Second  There is no unemployment in the Kingdom of God

Every believer has a job to do.  The problem is–the work of the Lord is hard work, and as a result countless jobs go unfulfilled.  Yet at the same time, many workers are needed.  Why is there a worker shortage in the Church?  Why is it typically 20% do 80% of the work in the Body of Christ?  Why does the Kingdom program of Jesus Christ lack for servants?  Why are there so few true unsung heroes in the Church today?

The Bible gives some reasons.  Many are not saved–as a result they’re not obedient to the commands in the New Testament to serve others, and to regularly exercise their giftedness in the Church.  Many have deceived themselves with errant priorities, replacing Christ’s commands to serve within the Church and share the Gospel in the world, with family, or job, or their age, or worse . . . sports or entertainment of this world.  Many suffer from occasional service instead of faithful service, as if Jesus is pleased by a heart that serves only when it’s convenient, instead of a heart that has surrendered all to Christ.  And many wrongly assume their previous church was biblical to not expect service, or they compare themselves against other Christians and not against the Word of God–therefore they don’t serve.

But God has a job for you to do.  Jesus said in Matthew 23:11, “But the greatest among you shall be your servant.”  Paul said in 1 Corinthians 12:7, “But to each one is given the manifestation of the Spirit for the common good.”  Peter said in 1 Peter 4:10, “As each one has received a special gift, employ it in serving one another as good stewards of the manifold grace of God.”

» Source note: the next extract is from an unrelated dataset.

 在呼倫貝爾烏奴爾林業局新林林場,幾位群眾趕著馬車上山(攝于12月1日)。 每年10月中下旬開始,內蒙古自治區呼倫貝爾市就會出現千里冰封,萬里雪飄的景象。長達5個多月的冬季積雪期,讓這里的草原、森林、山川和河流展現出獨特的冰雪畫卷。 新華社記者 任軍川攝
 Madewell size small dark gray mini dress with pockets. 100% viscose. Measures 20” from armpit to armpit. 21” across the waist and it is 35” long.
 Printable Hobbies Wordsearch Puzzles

Each one of us has a job to do as a steward of your gifts.  To not pursue this service to the church is a sin of omission.  It’s like being an organ in the body, but useless to the body.  It’s like being a brick, but not a part of the building.  It’s like being a sheep, but not a part of the flock.  But true service can mean faithfully remaining behind the scenes.  Biblical ministry to others can be exhausting and thankless.  Honoring Christ may mean doing a dirty job no one wants to do, or attempting something out of your comfort zone, even serving when no one will ever know what you did except Jesus.

God anticipated this in Hebrews 6:10, “For God is not unjust so as to forget your work and the love which you have shown toward His name, in having ministered and in still ministering to the saints.”  Unknown and unsung servants have been a part of Christ’s plan from the very beginning.  And the next three disciples in Jesus’s team of twelve prove it.

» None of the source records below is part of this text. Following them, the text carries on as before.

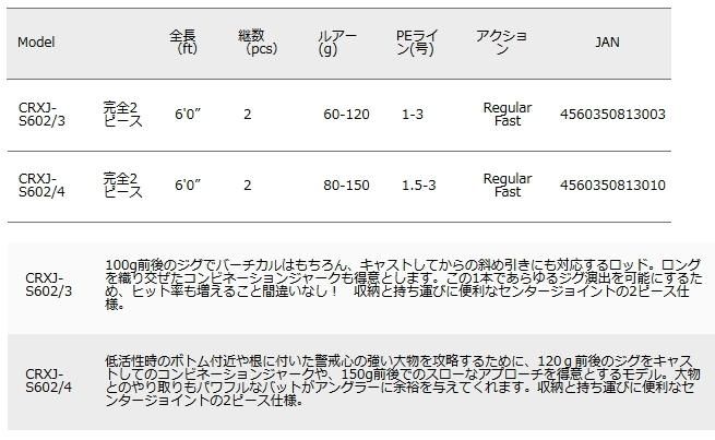 メジャークラフト 「三代目」 クロステージ ジギング CRXJ-S602/3 (スピニングモデル) [OT] (SP) 【本店特別価格】
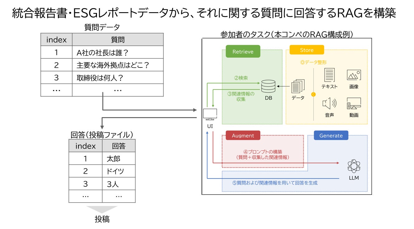 そこで、本コンペティションでは、企業のESGレポートや統合報告書に関連する質問に対して自動的かつ正確に回答できるRAGシステムの構築を目指します。
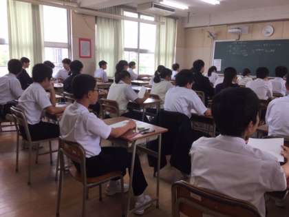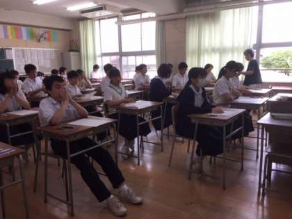 中間テスト2日目、数学のテストが始まる直前の3年1,2組の様子です。落ち着いて問題に取り組んでくださいね!

Open your Bibles to Mark 3 and take the outline in your bulletin.  If you’re new, we’re studying the gospel of Mark, and for some it is uncomfortably too slow.  We slowed down to look at each of the men Jesus appointed as his twelve apostles, and have arrived at the last set of four, which includes one traitor, and this week three unknown, unsung servants.

Jesus is now at the halfway point in his ministry.  The external, hypocritical leaders are plotting to kill Him.  The crowds are seeking Christ out in a crushing mass of hurting humanity.  So the Lord appoints twelve men to assist him in serving the masses, and to be his trusted leaders to continue His work after He’s ascended to heaven.  So Jesus appoints the twelve, and lists the last four in the last half of 18 and verse 19, “and Andrew, and Philip, and Bartholomew, and Matthew, and Thomas, and [1]James the son of Alphaeus, and [2]Thaddaeus, and [3]Simon the Zealot; 19 and Judas Iscariot, who betrayed Him.”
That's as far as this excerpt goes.